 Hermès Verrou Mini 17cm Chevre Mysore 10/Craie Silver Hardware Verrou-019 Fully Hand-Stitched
==
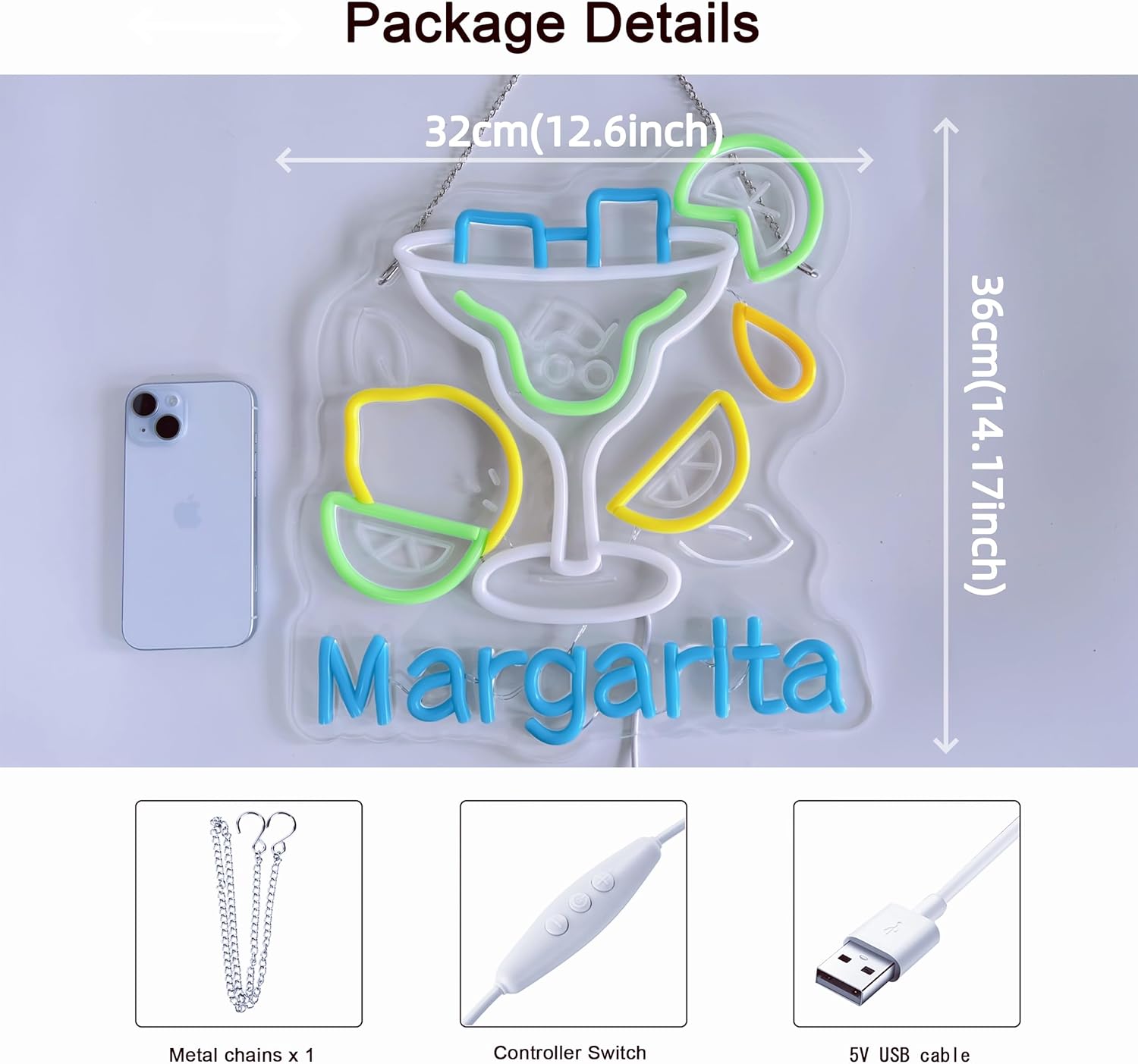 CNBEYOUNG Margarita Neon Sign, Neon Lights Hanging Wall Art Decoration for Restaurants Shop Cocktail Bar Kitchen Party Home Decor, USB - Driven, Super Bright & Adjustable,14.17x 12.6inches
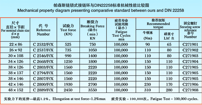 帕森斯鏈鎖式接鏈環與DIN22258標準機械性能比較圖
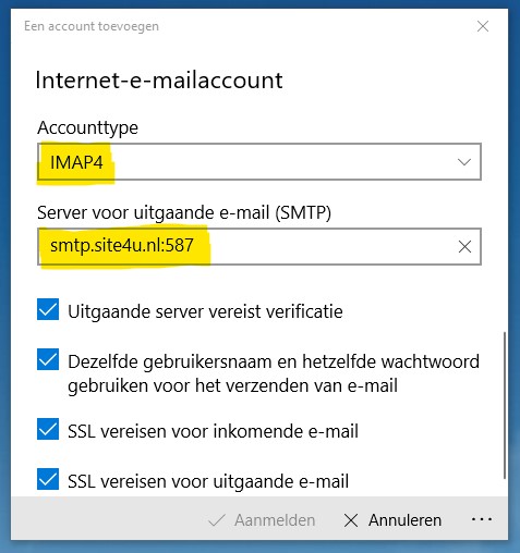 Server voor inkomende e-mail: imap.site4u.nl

About this exercise: Of the lines above, copy only those from the one holding "CNBEYOUNG Margarita Neon" to the one holding "Server voor inkomende e-mail: imap.site4u.nl", both included, and exclude every image.

Solution for this exercise:
 CNBEYOUNG Margarita Neon Sign, Neon Lights Hanging Wall Art Decoration for Restaurants Shop Cocktail Bar Kitchen Party Home Decor, USB - Driven, Super Bright & Adjustable,14.17x 12.6inches
 帕森斯鏈鎖式接鏈環與DIN22258標準機械性能比較圖
 Server voor inkomende e-mail: imap.site4u.nl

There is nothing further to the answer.